My husband stayed at our Bay Club timeshare when he attended a conference at the Hilton Waikoloa Hotel.  He walked from our timeshare to the conference rooms and was able to get there faster then most of colleagues who stayed at the hotel.


----------



## tk25 (May 15, 2018)

We toured the models this last Jan. 2018 and they were very nice but "smaller" - not as big as were used to.  They were also on top floor adjacent to the wing that they are remodeling. Yes ocean views but will be able to see multiple other balconies from your balcony.  As noted above the part they are converting is not the best ocean view location and they face golf course with ocean beyond.  Also doing extensive renovation in courtyard.


----------



## Harry (May 16, 2018)

I was very impressed with the model. The OT conversion will be quie upscale.  However, as pointed out above there are numerous drawbacks. If you are not a walker this location is not for you.  I am and I paced the distance between 14 and 17 minutes to the lobby and then about 7 to 10 minutes to the parking lot.

Harry


----------



## linsj (May 16, 2018)

Do the studios have a kitchen sink like HHV Lagoon Tower or not?


----------



## GregT (May 17, 2018)

I think they did but don’t precisely remember. (I think I would recall if they didn’t have a sink).

The Studios are what stuck with me as the best units. There are some points deals and the units were a good size.

Best,

Greg


----------



## GregT (May 17, 2018)

(Duplicate)


----------



## Mosescan (May 17, 2018)

Helios said:


> Nice.  I thought you got a single unit.

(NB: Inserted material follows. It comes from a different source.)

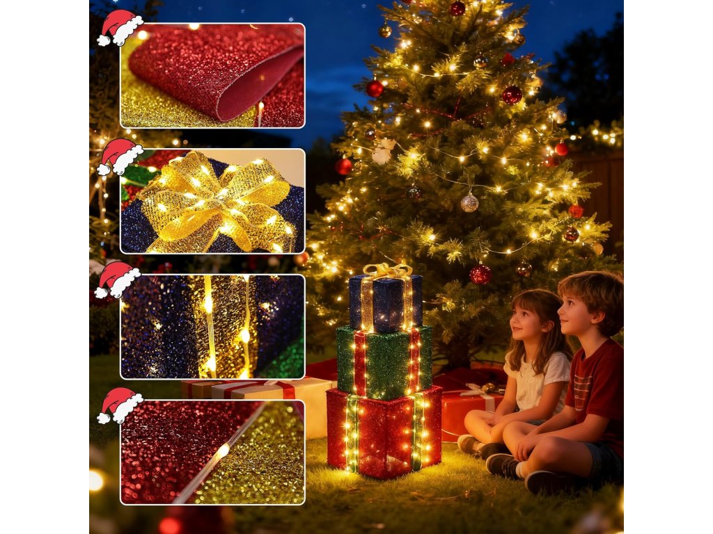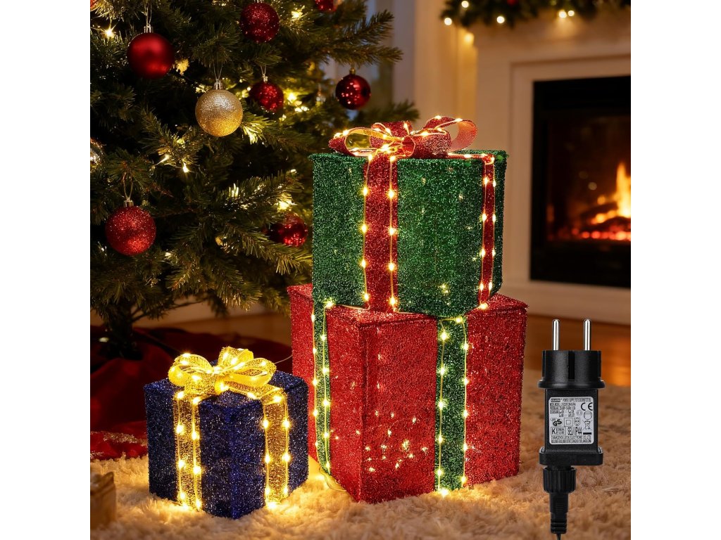 LED darčekové boxy – súprava 3 trblietavých vianočných dekorácií so 160 teplými LED svetlami (interiér/exteriér)

You can get a single week with that point value. It’s a 1 BR premiere luxury at GW or GI. Probably also the new tower as well but not sure.


----------



## Mosescan (May 17, 2018)

MikeinSoCal said:


> Was at HWV today. I was offered a presentation of the Ocean tower and I told him I was already a "resale" owner.  I told the sales rep, "you guys don't like me".  He laughed and still said he would give me 50k honor points and two free luau tickets for a tour.  I turned him down.



LOL! I couldn’t buy a tour while we were there! Because our recent purchase had been within the last 3 or 6 months they wouldn’t even let me book an owners update. Even though our purchase had been long distance and we never actually got an update. 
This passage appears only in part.